I have some sympathy in wanting some unification; (I'm not sure that
list of comparison even includes the TDX world).
But I'm not sure if they're the same thing - these are strictly
constants, they're not changable.
But it is a messy list of differences - especially things like the
UTF-16 stuff
I guess the PowerVM key naming contains nul and / can be ignored
- if anyone is silly enough to create keys with those names then they
can not access them; so at least that would solve that problem.
I don't really understand the talk of 32bit attributes in either the
uEFI or PowerVM key store case.
Is that GOOGLE_SMI stuff already there? If so I guess there's not much
we can do - but it's a shame that there's the directory per variable.
Dave
> James
>
>
--
Dr. David Alan Gilbert / [email protected] / Manchester, UK
On Tue, Feb 01, 2022 at 09:24:50AM -0500, James Bottomley wrote:
> [cc's added]
> On Tue, 2022-02-01 at 14:50 +0100, Greg KH wrote:
> > On Tue, Feb 01, 2022 at 12:44:08PM +0000, Dov Murik wrote:
> [...]
> > > # ls -la /sys/kernel/security/coco/efi_secret
> > > total 0
> > > drwxr-xr-x 2 root root 0 Jun 28 11:55 .
> > > drwxr-xr-x 3 root root 0 Jun 28 11:54 ..
> > > -r--r----- 1 root root 0 Jun 28 11:54 736870e5-84f0-4973-92ec-
> > > 06879ce3da0b
> > > -r--r----- 1 root root 0 Jun 28 11:54 83c83f7f-1356-4975-8b7e-
> > > d3a0b54312c6
> > > -r--r----- 1 root root 0 Jun 28 11:54 9553f55d-3da2-43ee-ab5d-
> > > ff17f78864d2
> >
> > Please see my comments on the powerpc version of this type of thing:
> >
> > https://lore.kernel.org/r/[email protected]
>
> If you want a debate, actually cc'ing the people on the other thread
> would have been a good start ...
>
> For those added, this patch series is at:
>
> https://lore.kernel.org/all/[email protected]/
Thanks for adding everyone.
> > You all need to work together to come up with a unified place for
> > this and stop making it platform-specific.
>
> I'm not entirely sure of that. If you look at the differences between
> EFI variables and the COCO proposal: the former has an update API
> which, in the case of signed variables, is rather complex and a UC16
> content requirement. The latter is binary data with read only/delete.
> Plus each variable in EFI is described by a GUID, so having a directory
> of random guids, some of which behave like COCO secrets and some of
> which are EFI variables is going to be incredibly confusing (and also
> break all our current listing tools which seems somewhat undesirable).
>
> So we could end up with
>
> <common path prefix>/efivar
> <common path prefix>/coco
The powerpc stuff is not efi. But yes, that is messy here. But why
doesn't the powerpc follow the coco standard?

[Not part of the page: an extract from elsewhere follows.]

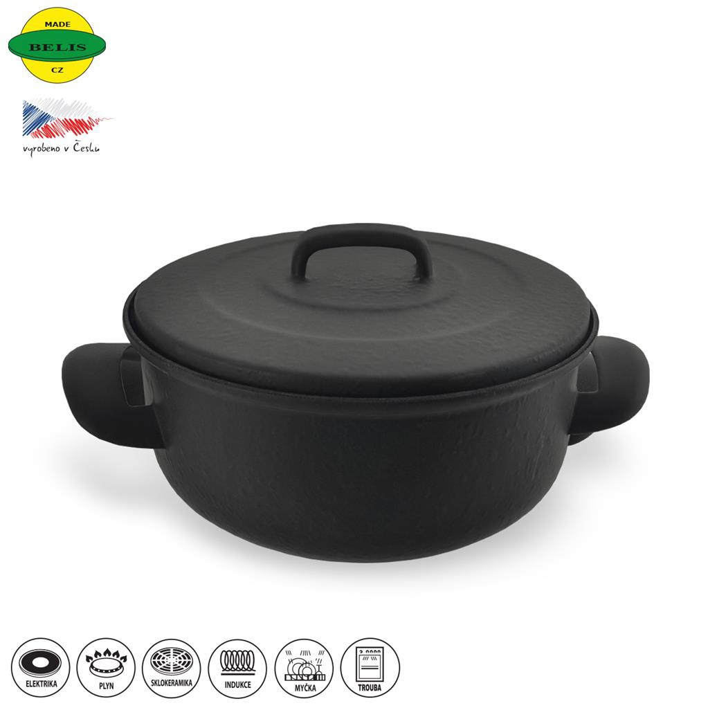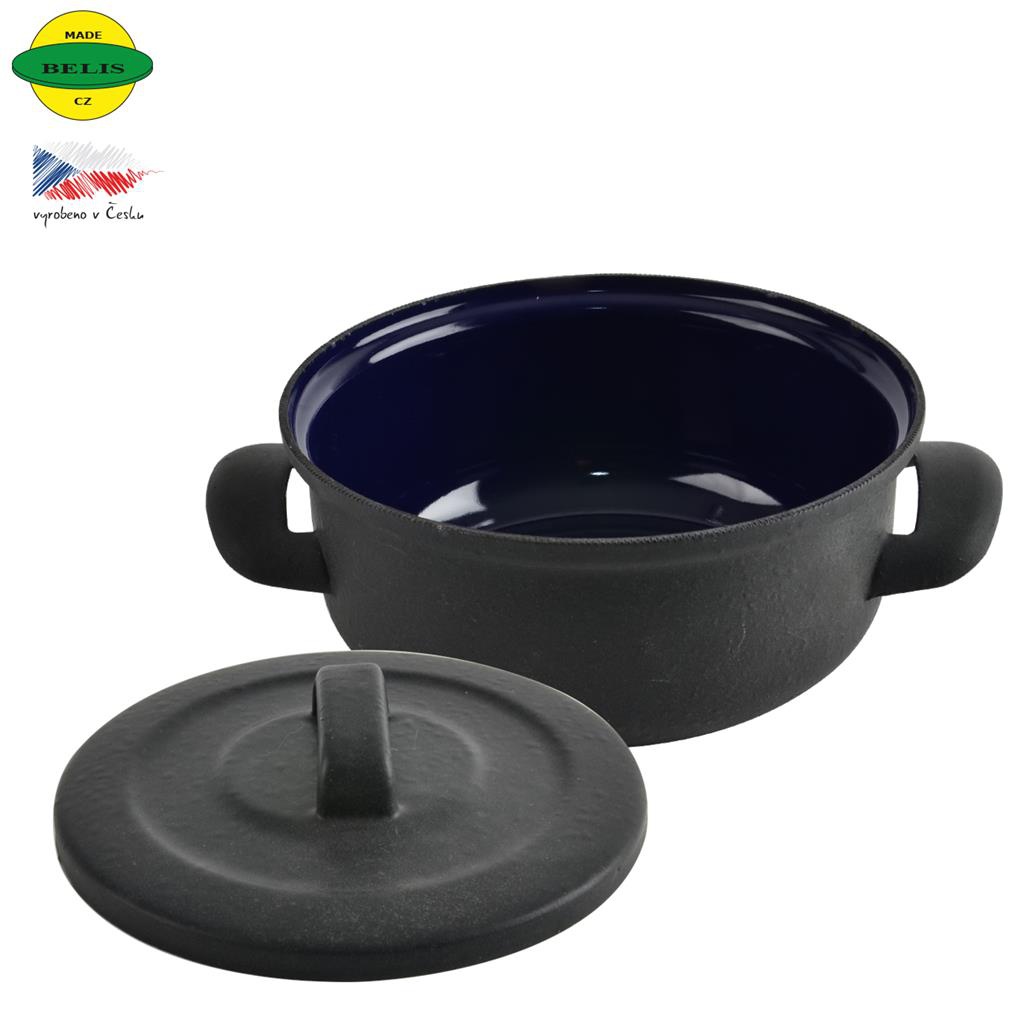 Kastrol se smaltovým povrchem a s poklicí - můžete použít jen minimální množství tuku při přípravě pokrmů. Materiál: 2mm plech se smaltovou povrchovou úpravou - nazýváno jako česká litina. Výborně vede teplo - nabízí ekonomické vaření. Vhodný na všechny typy tepelných spotřebičů včetně indukce, do trouby. Při manipulaci doporučujeme použít kuchyňské chňapky. Rozměry: objem 2 l, pr. 20 cm, v. 9 cm. Nádobí je vhodné do myčky na nádobí, ale je potřeba po umytí dobře osušit a uchovat v suchu. Vaření na smaltu je tím nejzdravějším možným způsobem přípravy pokrmů. Toto nádobí má navíc uvnitř nádob aplikován speciální modrý smalt, který má výborné kyselinovzdorné vlastnosti a zůstává po celá léta prakticky netknutý běžným používáním. Každý hrnec či pánev z této řady nádobí je originálem. Z vnějšku nádob je totiž ručně nanesena plasticita, která tento produkt dělá naprosto unikátním. Po každé aplikované vrstvě smaltu je nádobí vypáleno v peci o teplotě přibližně 850 °C. Tento způsob aplikace povrchu zajišťuje, že se Vám smalt rozhodně nesloupne po pár použitích jako je tomu například u různých keramickým či teflonových, které jsou nám masivně servírovány z médií všude kolem nás. Pro toto nádobí je charakteristický černý matný smalt vně nádob. Tento smalt je zprvu otevřený, a tak jsou na něm viditelnější stopy po otěru. Stopy se dají samozřejmě pohodlně umýt. Tento matný smalt se však po pár použitích a umytích zatáhne a získá klasickou, tmavě černou barvu.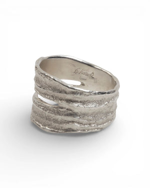 Dieser handgefertigte Spaltring aus 925 Silber zeigt eine markante Tarmac-Struktur. Die gespaltene Ringschiene verjüngt sich von oben nach unten und öffnet sich mittig zu einem charakteristischen Spalt. Die erhabenen Stellen sind leicht poliert, wodurch das Silber seidenmatt schimmert und die tiefe Oberflächenstruktur zusätzlich betont wird.

> To achieve the separation, but I really don't see what this buys us.
> Both filesystems would likely end up with different backends because of
> the semantic differences and we can easily start now in different
> places (effectively we've already done this for efi variables) and
> unify later if that is the chosen direction, so it doesn't look like a
> blocker.
>
> > Until then, we can't take this.
>
> I don't believe anyone was asking you to take it.
I was on the review list...
On Tue, Feb 01, 2022 at 09:24:50AM -0500, James Bottomley wrote:
> On Tue, 2022-02-01 at 14:50 +0100, Greg KH wrote:
> > You all need to work together to come up with a unified place for
> > this and stop making it platform-specific.
We're talking about things that have massively different semantics. How
do we expose that without an unwieldy API that has to try to be a
superset of everything implemented, which then has to be extended when
yet another implementation shows up with another behavioural quirk? EFI
variables already need extremely careful handling to avoid rm -rf /sys
bricking the system - should we impose that on everything, or should we
allow the underlying implementation to leak through in some ways?